Nostalgische Gefühle, Schuldbewußtsein, Traurigkeit. Wir leben in der fehlbaren Welt der Erscheinungen, ich lasse die sitzen, die ich liebe, bekümmere die, deren Freude mir am wichtigsten ist. – Der Friedhof in Hietzing; vorn das Grabmal von Dollfuß. Eine Atmosphäre wie auf dem Farkasréti-Friedhof, nur daß hier alles gehegt und gepflegt ist; wo die Toten wichtig sind, gibt es Hoffnung auch für die Lebenden.
Mir geht die Cellistin des Franz-Liszt-Kammerorchesters nicht aus dem Sinn, die nach manchen akzentuierten Bogenstrichen den Kopf mit einer so verstörten Bewegung nach hinten, zur linken Schulter hin warf, als gehöre er nicht ihr, es schmerzte fast, und zwar derartig, daß es mir in bedrückenden Momenten immer wieder in den Sinn kommt; ein Musikalisches Opfer, im wahrsten Wortsinn, nebenbei bemerkt spielte man in der Tat Bach, die Brandenburgischen Konzerte.
Im Wiener Kunsthistorischen Museum, Breughel; ein Winternachmittag, die Jäger kehren heim. Zum ersten Mal stellte ich mir die Frage, was das Bild damals – im 16. Jahrhundert – bedeutet haben mag, als die Menschen noch nicht umgeben waren von Fotos und beweglichen Bildern, als ihnen weder Romane noch Musik zur Verfügung standen – welche Bedeutung hatte ein Gemälde damals, und wie wurde wohl dieses Bild gesehen, mit dem Schnee, den Bäumen, mit der Farbe und sogar dem Geruch der Luft, der Melancholie des Nachmittags als Höhepunkt, etwas ganz Vollkommenes, ein ewiges und unverrückbares Erlebnis, wie ich es noch aus meiner Kindheit erinnere; mich ergreift Bewunderung für den Geist der Kunst – einen Geist, von dem man sich in diesem Jahrhundert verabschiedet. In Zusammenhang damit muß ich feststellen, daß mich hier in Wien doch eine Art Wirklichkeit umgibt – im Gegensatz zu der Pester Scheinhaftigkeit, der Grunderfahrung meines Lebens.
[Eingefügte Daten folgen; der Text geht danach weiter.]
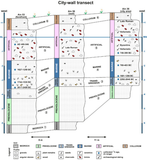 Due to their proximity, the three cores show similar results. The pre-Holocene—most probably fluvial—unit 2 is topped by the transgressive unit 3 that is of similar thickness in all cores. Due to difficulties while coring through the massive unit 5, unit 3 is positioned circa 0.5 m lower in Ain 53 compared to Ain 56 and Ain 36. Consequently, the marine transgression hit the shores roughly during the first half of the 3rd millenium BC. The establishment of a shallow-marine water body (unit 4) becomes visible in all cores at a similar depth; it can roughly be stated for the beginning of the 2nd millennium BC. Based on Ain 36, the marine influence continued at least until Archaic to Classical times (Ain 36/366F; Table 1; Figure 6). Important in the context of this paper is the transition depth between units 4 and 5 which marks the onset of the human impact: it occurs between 1.62 m (Ain 53) and 1.29 m b.s.l. (Ain 36); above this depth, the human impact is clearly evident (Figure 6). This is additionally backed by the results of Ain 58, cored directly in the MG anomaly of Tower A. Ain 58 is very similar to Ain 53, showing the typical profile with all of the six units. Here, the transition between units 4 and 5 is at a depth of 1.63 m b.s.l.

Während ich zwischen prächtigen Gebäuden über stille Straßen spazierte, um schließlich zu einem dunkelroten Bau mit der Aufschrift Akademie der Bildenden Künste zu gelangen, dachte ich darüber nach, daß die Kunst völlig überflüssig geworden ist. Vom speziellen Gepränge der Breughels, der Heroenepoche ausgehend. Was könnte ich heute malen? Was könnte selbst ein genialer Mensch heute malen? Keinen Winternachmittag. Vielleicht gibt es auch keine Winternachmittage mehr. Welche Stimmungen verfestigen sich bei einem Kind heute zu späterer Erinnerung? Ein langer, grauer, nebliger und glücklicher Winternachmittag ist gewiß nicht darunter. Heute muß sich der Künstler – in jeder Gattung der Kunst – «etwas einfallen lassen», denn in der unkreativen Atmosphäre und im Bewußtsein seiner Überflüssigkeit ist jeder natürliche Trieb gelähmt, jede Originalität gekünstelt.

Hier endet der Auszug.